Ей не спалось… Лика осторожно выбралась из палатки и подошла к краю небольшой полянки, выходящей почти к самой кромке неглубокого, но широкого ущелья, где-то на южной окраине горной уральской гряды. Это было непередаваемое и абсолютно бесконечное, почти южное, небо. Мириады звезд, расплывчатые туманности и крошечные, но от этого не менее величественные галактики – другие миры, призрачная тропинка Млечного пути, ведущая к центру мироздания, хвосты комет, падающие звезды, летающие незагаданными табунами и гаснущие, словно по команде, стоит лишь нашарить их глазами и только и успеть, что обрадоваться… Неописуемое всеобъемлющее небо, возглавляемое тоненьким ухмыляющимся месяцем, неспешно шествующим на убыль…
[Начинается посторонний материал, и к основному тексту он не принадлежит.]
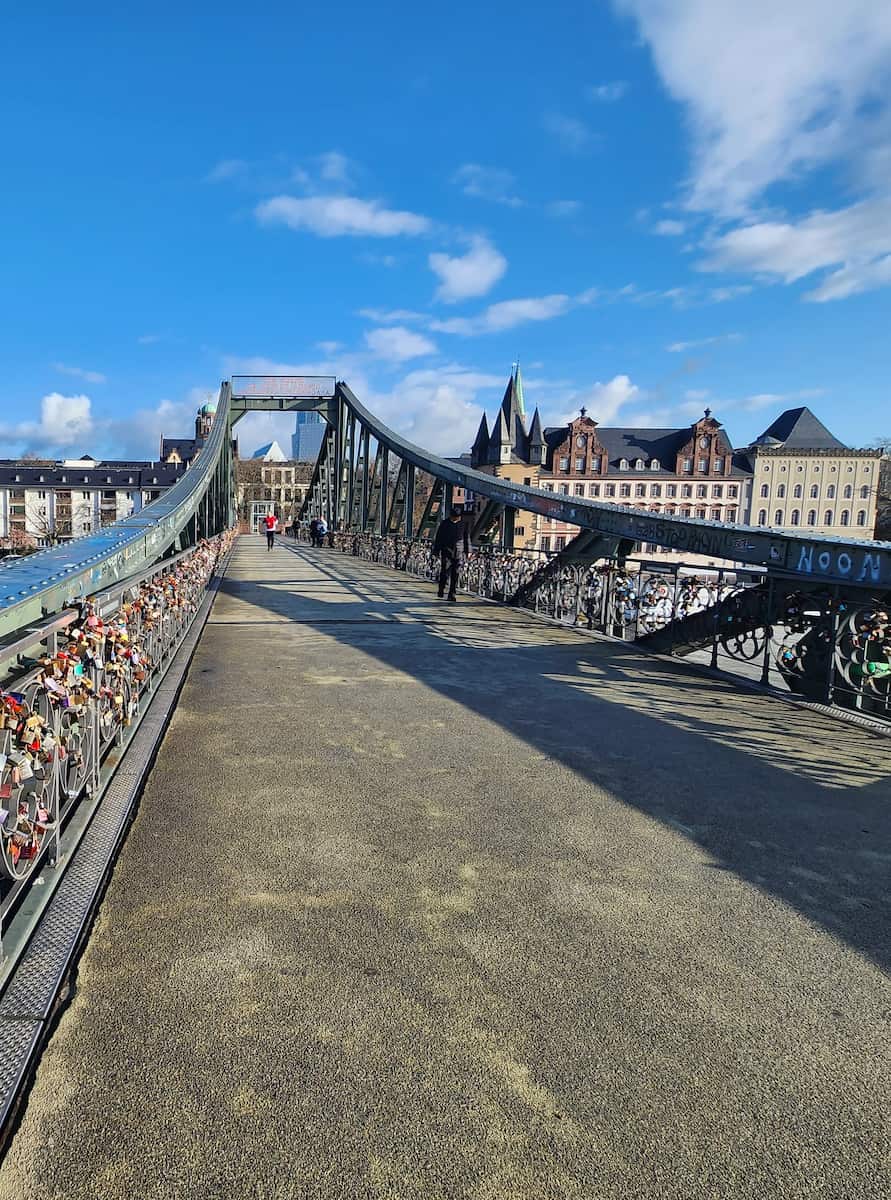One of my favorite things to do in Frankfurt is to stroll across the Eiserner Steg, a historic pedestrian bridge spanning the Main River. As I walked, I was treated to panoramic views of Frankfurt’s impressive skyline, a perfect blend of historic and modern architecture. Don’t miss the love locks attached to the bridge railings, a romantic tradition that’s become popular in recent years. For the best experience, I recommend visiting at sunset when the city lights begin to twinkle and the view becomes truly magical – it’s one of the top things to see in Frankfurt and it’s completely free!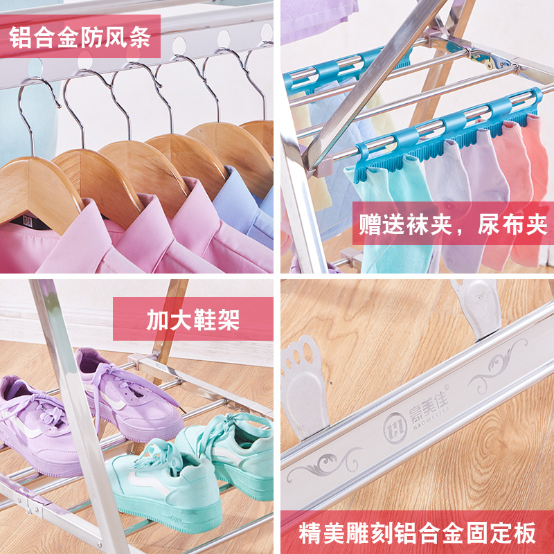 Balcony cool drying rack falls folds stainless steel drying clothesBaby baby bedroom hanging towel frame household rod

И она стояла, дрожа под беснующимся ветром, заигрывающим с волосами, и смотрела, словно околдованная, смотрела, смотрела, с жадностью впитывая эту небесную карту созвездий в натуральную величину. Даже знакомые, они угадывались с трудом, так как их оккупировали тучи самых разнообразных пульсирующих звезд и звездочек… На северном небе такого не увидишь… У Кассиопеи появился шлейф и скипетр, Большая Медведица обзавелась многочисленным потомством и вдобавок попала в метель, Малая вообще ушла в загул! Казалось, что Небо разошлось не на шутку, у него случился демографический взрыв… А месяц поглядывал на нее и рогато улыбался, и в воздухе слышался будто скрип старческого смешка… Небо подхватило и понесло ее ввысь, подарив крылья из звездной пыли. Лика знала, что если вдруг посмотрит вниз, то увидит под ногами далеко внизу плывущие тропки горных хребтов, от самых высоких она может еще оттолкнуться босыми ногами, чтобы поскорее добраться до улыбчивого старикана. Небо любило ее, как и Музыка, но было не так эгоистично, оно было ласковым словно мать… Страстно желая навсегда заблудиться в этих звездных лабиринтах, чтобы сгинуть вместе с ними в рассветном сумраке, Лика рвалась вперед, так что земля ушла из-под ног, и она потеряла равновесие. Но словно сама огромная гора, проснувшись на миг, вздрогнула, отшвыривая ее от обрыва и больно приложив копчиком о твердую каменную поверхность… Падая, Лика успела увидеть светящийся дождь, у самого горизонта, и первое, о чем она попросила, забрать ее с собой…


- Сваливаем отсюда! Быстрее… Через полчаса поезд…

Она тянулась к нему, испытывая необъяснимую жажду. Всегда. Может, если она хотя бы раз и задумалась над вопросом «Почему?», то не нашла бы ответа. Может, и захотела бы освободиться от этих цепей, связавших двух людей против их воли, двух людей, привыкших к свободе, для которых в свободе и музыке заключался смысл жизни… Если бы… Его мир, переполненный горечью снов и солью морских ветров, гулявших по пустынным закаулкам Кандалакши… маленький мальчик, уносимый баркасом в туман, фигурка матери на берегу и белый огромный пес, носящийся вдоль линии прибоя, не сводящий глаз с паренька, едва дотягивающегося до верхушки кормы и шепчущего, словно заклинание: «Я еще вернусь…вернусь…вернусь»… Это последнее, что помнил Киш из своего детства. Мать его больше не увидела, а он с тех пор ни разу не был в родном краю, хотя и объездил всю Россию вдоль и поперек. Но сохранил где-то в уголке сердца место для родного дома. «Вернусь, вернусь, вернусь…»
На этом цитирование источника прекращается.